02 maja 2008

O wyższości wtyczek nad kombajnami

W odpowiedzi dla Leszcza i Xavexa - tyle tych notek naprodukowaliście, że odpowiadanie w komentarzach nie ma sensu, muszę to wszystko zebrać ;)

Ja też kiedyś nie lubiłem Eclipse'a, z dokładnie tej samej przyczyny, z której trzymałem się na dystans of Firefoksa i bałem się Linuksa - z wygody, o której wspominasz w sąsiedniej notce. Po prostu wolałem programy-kombajny, które sie raz zainstaluje i mają w sobie wszystko: NetBeans do Javy, Opera do internetu oraz Windows jako system operacyjny.

Teraz jednak powoli przekonuję się do aplikacji opartych na wtyczkach. Tak samo, jak Ty, Leszczu , przekonałeś sie do C# "bo tak się w życiu ułożyło", tak ja z podobnych przyczyn się przekonywałem do wspomnianych narzędzi: z prawdziwym bólem serca przerzuciłem się z Opery na Firefoksa, gdy okazało się, że aplikacje Google'a, z których korzystam coraz szerzej, z Operą za nic nie chcą współpracować. Ale gdy to zrobiłem, natychmiast poszukałem całej masy wtyczek, które nadają Firefoksowi funkcjonalność, za jaką pokochałem Operę:

  • All-In-One-Sidebar – operowy pasek z lewej strony, zawierający wszystko, co istotne (skróty, historię, pobierane pliki, wtyczki...) na wyciągnięcie jednego kliknięcia;
  • All-In-One-Gestures – z gestów myszy zacząłem tak naprawdę korzystać po przeczuceniu się na firefoksa;
  • Download Statusbar – świetny manager pobierań, zamiast tego pieprzonego firefoksowego okienka;

oraz wiele innych, które od tego czasu odkryłem, a których nie ma nawet w samej Operze, a ja nie wyobrażam sobie teraz bez nich życia:

  • Delicious Bookmarks – najważniejszy ze wszystkich dodatek, niezbędne narzędzie w momencie, gdy posiadam dwa komputery po dwa systemy na każdym, plus jeden w pracy, a do tego często korzystam z obcych komputerów, np. na zajęciach na studiach.
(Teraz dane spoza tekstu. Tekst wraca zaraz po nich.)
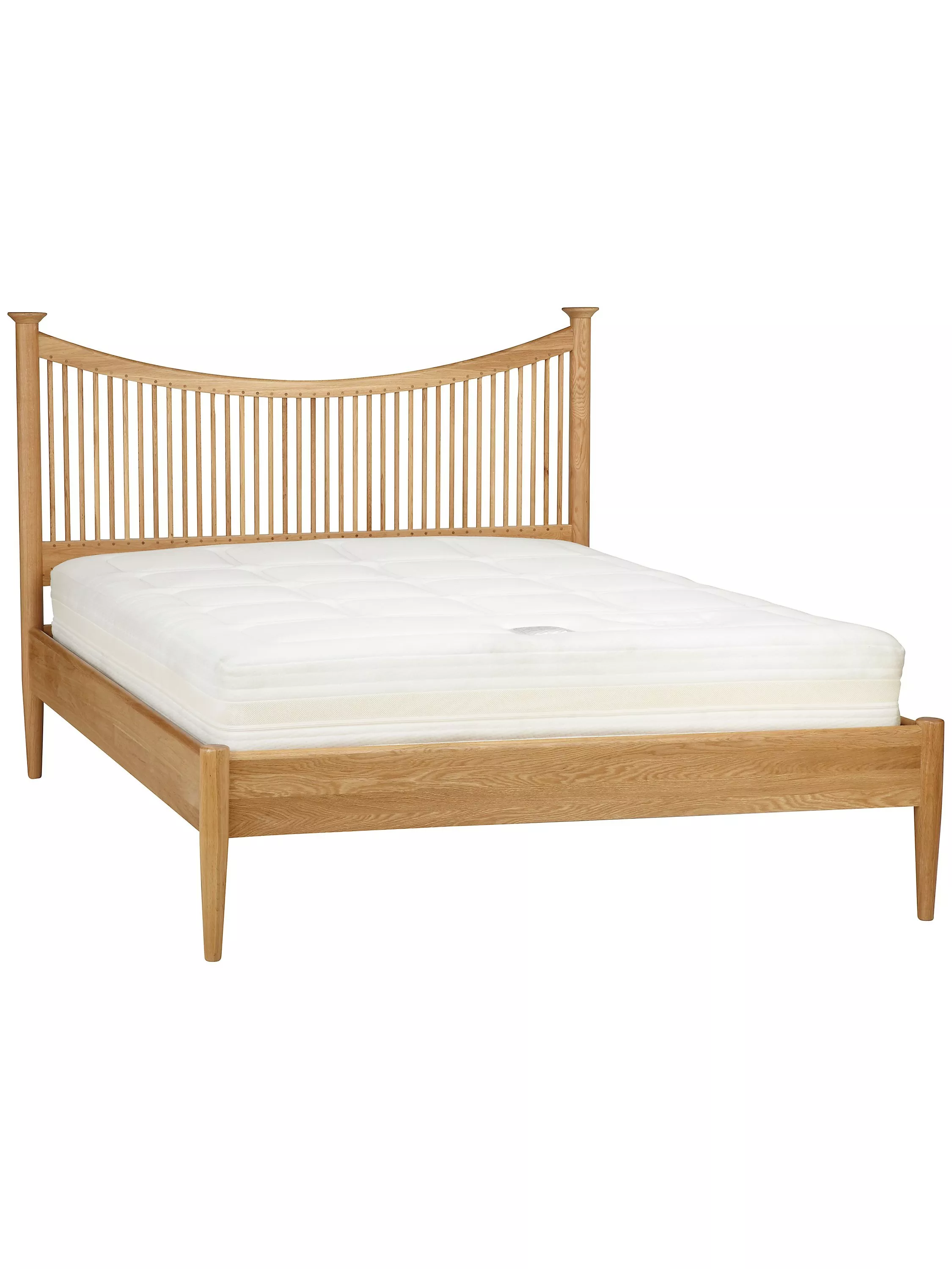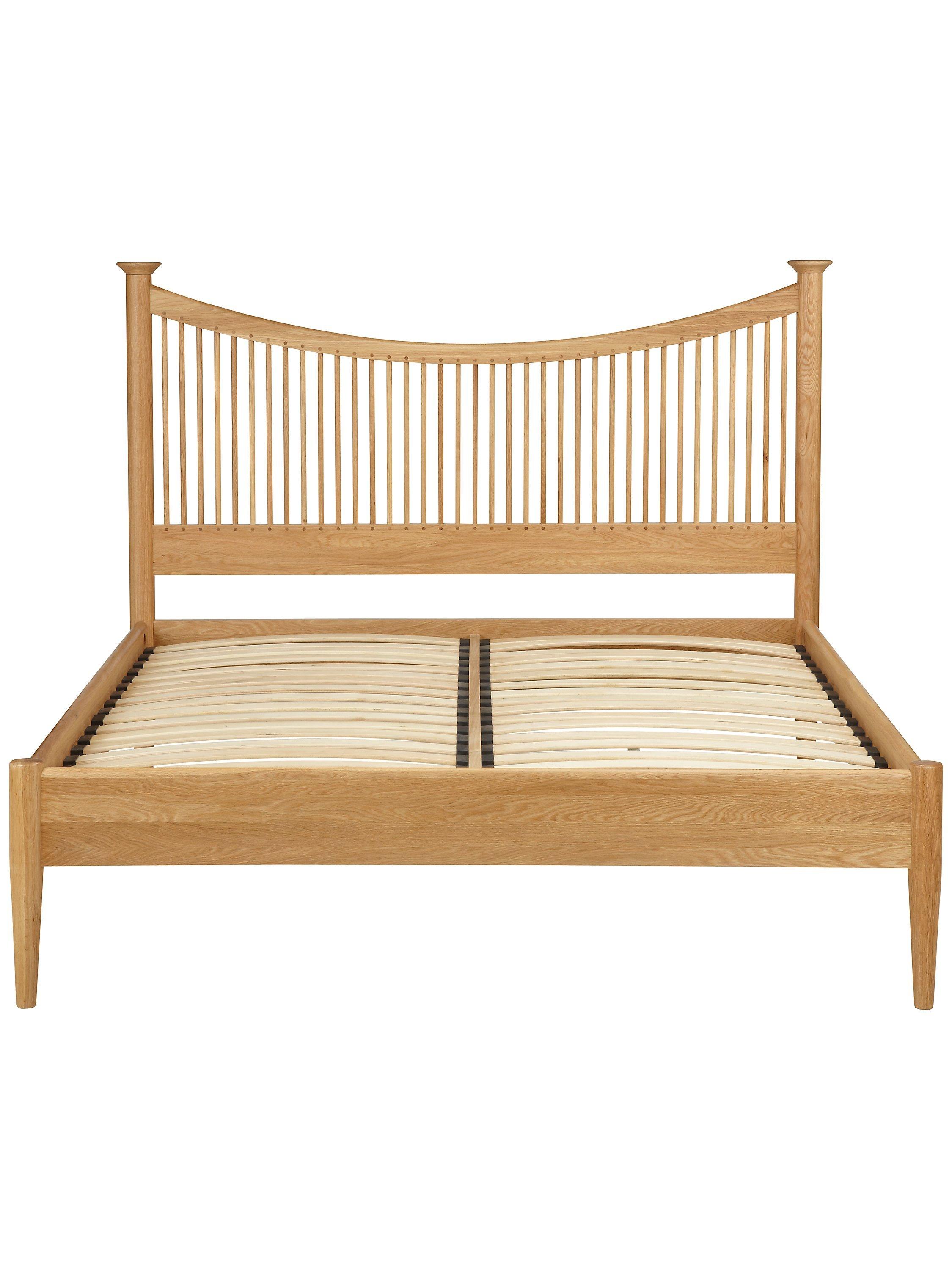 Made from a combination of solid European oak and hard-wearing veneers, our Essence bed frame has a timeless design. The slatted headboard is carved in a curved shape which contrasts against the clean-lined frame and gently tapered legs. It's easy to assemble and the natural pattern and tone of the wood grain is showcased throughout, making it an adaptable style in both classic and more contemporary interiors. There are also sprung slats in the base which provide a supportive foundation for your mattress.

Pozwala ono przechowywać swoje zakładki w jednym miejscu w sieci – na koncie na stronie http://del.icio.us – i mieć do nich dostęp poprzez stronę z każdego miejsca na świecie, a na własnej maszynie ten dostęp jest jeszcze prostszy dzięki tej właśnie wtyczce, połączonej ze wspomnianą All-in-One-Sidebar;
  • Tab Mix Plus – kapitalne narzędzie, rozszerzające funkcjonalność zakładek (np. wyświetlanie ich w wielu rzędach);
  • Web Developer i Firebug - potężne narzędzia developerskie.
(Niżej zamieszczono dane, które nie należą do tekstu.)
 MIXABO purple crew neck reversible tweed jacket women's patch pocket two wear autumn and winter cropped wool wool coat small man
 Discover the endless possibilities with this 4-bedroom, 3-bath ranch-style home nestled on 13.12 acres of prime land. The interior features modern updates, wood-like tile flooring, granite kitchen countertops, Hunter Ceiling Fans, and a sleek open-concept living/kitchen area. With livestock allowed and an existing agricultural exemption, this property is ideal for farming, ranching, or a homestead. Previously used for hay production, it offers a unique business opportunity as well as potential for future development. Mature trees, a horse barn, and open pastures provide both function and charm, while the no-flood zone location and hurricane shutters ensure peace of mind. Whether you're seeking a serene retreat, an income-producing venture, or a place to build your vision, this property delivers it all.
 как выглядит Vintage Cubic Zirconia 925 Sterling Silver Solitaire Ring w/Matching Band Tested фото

Do tego stopnia sie już na ognistego lisa przestawiłem, że zwyczajnie nie potrafię już wrócić pod Operę, choć próbowałem.

Z Eclipse'a zacząłem korzystać, bo z niego korzystamy w pracy, i też pracę z nim zawsze rozpoczynam od pobrania potrzebnych mi wtyczek (Subclipse, Maven Integration) i może nie jest to łatwe, ale za to jakie daje możliwości – sam pisałeś o kapitalnych udogodnieniach developerskich, jakich to środowisko dostarcza. A jeśli chodzi o zasobożerność – czy Vista, przepraszam bardzo, nie jest zasobożerna? Nie jest, pod warunkiem, że się ma tych zasobów w ch*j ;)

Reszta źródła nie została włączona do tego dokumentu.